Looks like the 10 day has a 4 day warmup next week, then by monday we are back to 29 degree high for the day.


----------



## Jigging Jim (Apr 3, 2010)

wave warrior said:


> weather forcasts are just that...FORCASTS!! i really dont think from what i see in the 15 day its much to worry about!! 4-6" base can take some warming trends...happens every year...im not sweating it but i will fish as ofter as i can just in case!!! told the woman i would spend as much time as it takes on the ice just to make sure we have the freshest fish possible on the table!!


What a line !


----------



## Tin Guppy (Mar 20, 2007)

Monday the weather man was calling for a big snow storm to hit yesterday and today and we got 1/4" of snow. That being said I'am not worried just yet about their forecast.


----------



## rutnut245 (Jan 18, 2009)

To be honest,this could be just what we need.The ice near shore on Erie,from Cooley-Catawba is tire poppin,busted up,rough ice.As long as it lasts only a few days it should smooth it down.What took three weeks to make is not gonna dissappear in three days.Cold temps with no wind after the warm up would be perfect.Maybe I'm just a glass half full kinda guy?


----------



## wave warrior (Oct 2, 2005)

Jigging Jim said:


> What a line !


it worked!!  guess im lucky she loves eating fish as much as i love catching them!!


----------



## Daego Doug (May 31, 2009)

I really dont think a small amount will hurt much.

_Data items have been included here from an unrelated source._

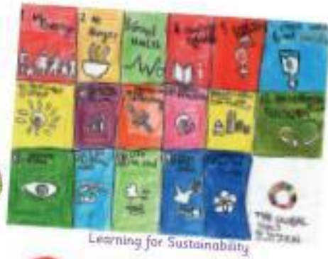
Learning for Sustainability
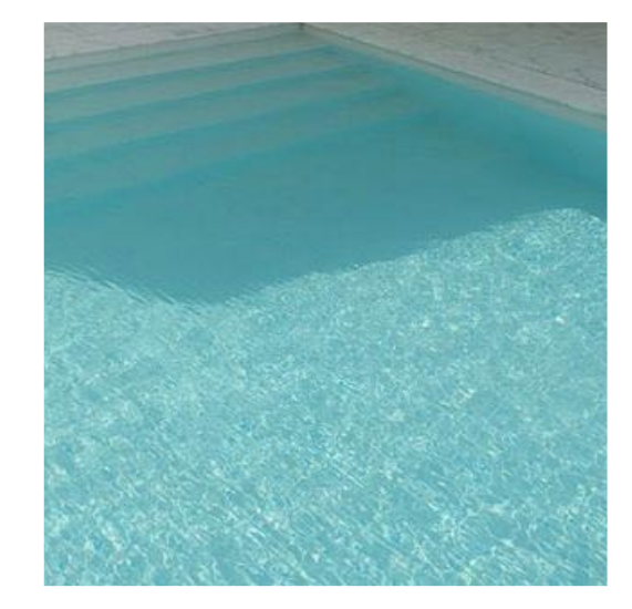
Swimming pool - propopsed site feature
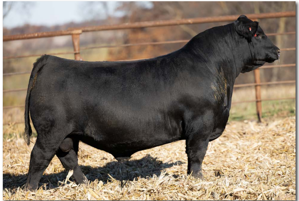
IRON CREEK BELFAST 8108M Sells as Lot 67.
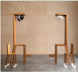
Chairs for Human Use with Chair for Spirit Use.
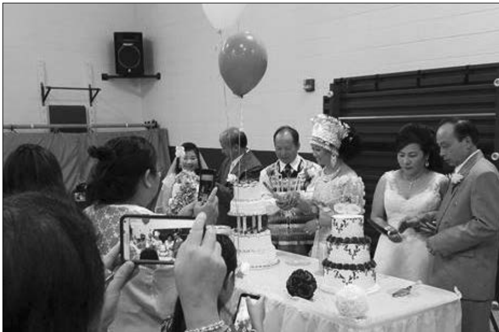
Reception after three Catholic Weddings!
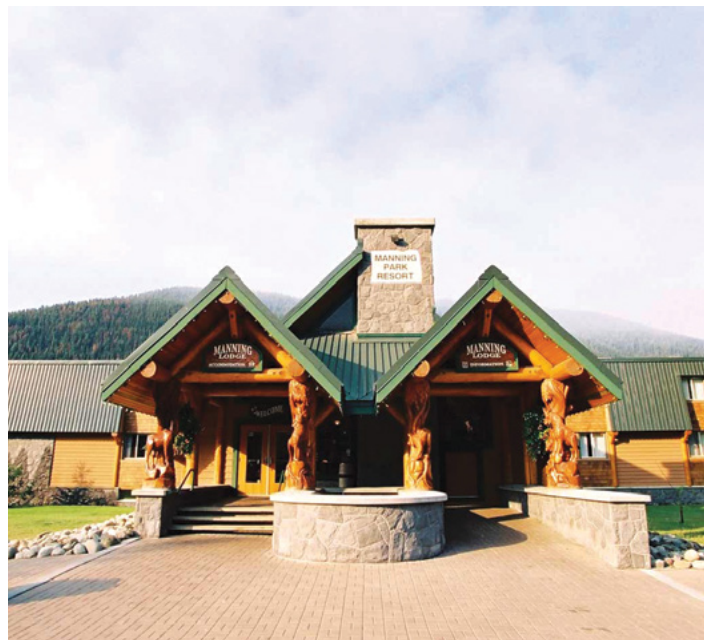
Manning Park Lodge
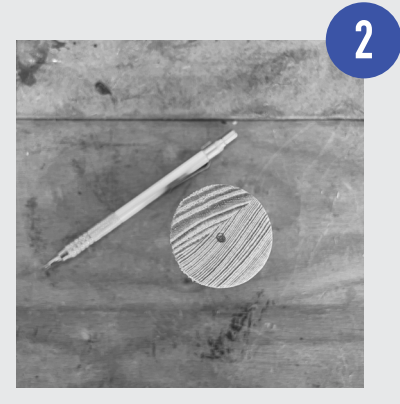
Mark the center
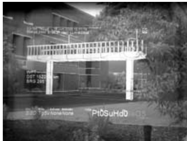
Figure 5: Proposal One Bridge

As a second application domain for the use of our outdoor AR system, we are investigating how to improve the visualisation of architecture designs. The first question to ask is – Why an architect may use this tool? An AR visualization tool will aid architects in conveying their ideas to their prospective clients. A common
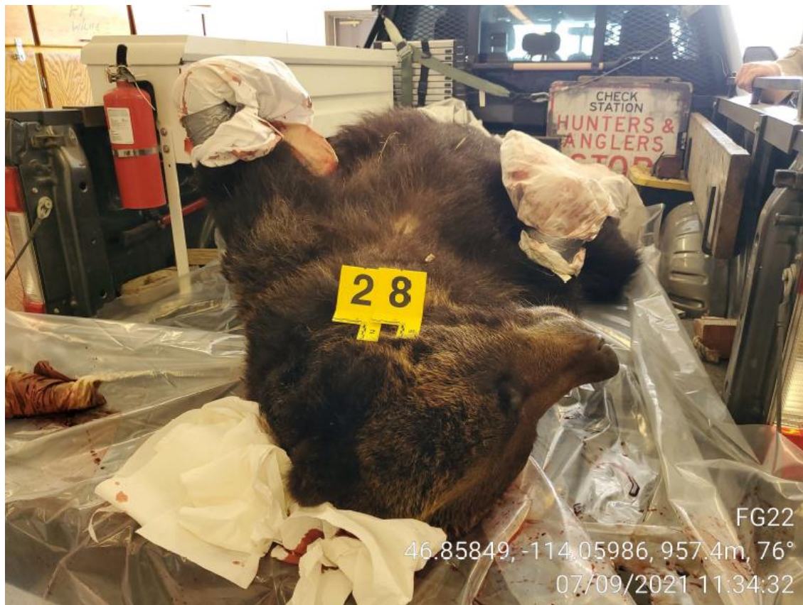
Figure 9. Young, adult male grizzly bear that was dispatched by WS shortly after midnight on July 9 th as it returned to the scene of a chicken coop that had been destroyed the day before. DNA confirmed that this was the same bear responsible for the attack on Ms. Lokan and destroying the chicken coop approximately 215 yards from the attack site on July 6, 2021.

Over the weekend the MFWP Bear Management Team continued a presence in Ovando and remained vigilant with evening and morning patrols. All traps, except one on the south side of town where the bear had been observed, were removed. MFWP decided, with community support, to retain one trap at the site until DNA results determined whether the correct bear had been removed.
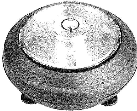
“Wireless Led Task Light” with model no. H-620
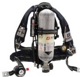
3M™ Scott™ Air-Pak 75i SCBA (NIOSH)
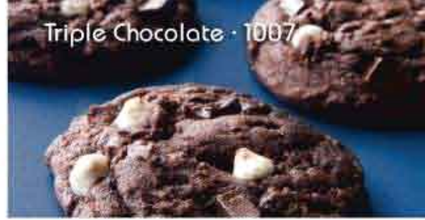
Triple Chocolate · 1007
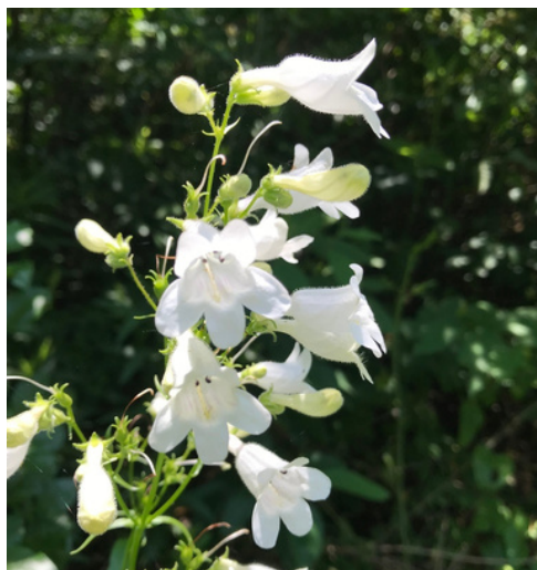
Foxglove Beardtongue ( Penstemon digitalis )

Dont forget we still have BigDaddy doing the ice dance


----------



## jay2k (Dec 21, 2005)

2005... Hope I'm wrong.


----------



## tomb (Oct 9, 2004)

I hope your wrong too. Pretty similar so far ice wise. Big difference in our catch rate. We did very well in 05, terrible so far this year. Hopefully that means more cold/ice on the way------until late March!


----------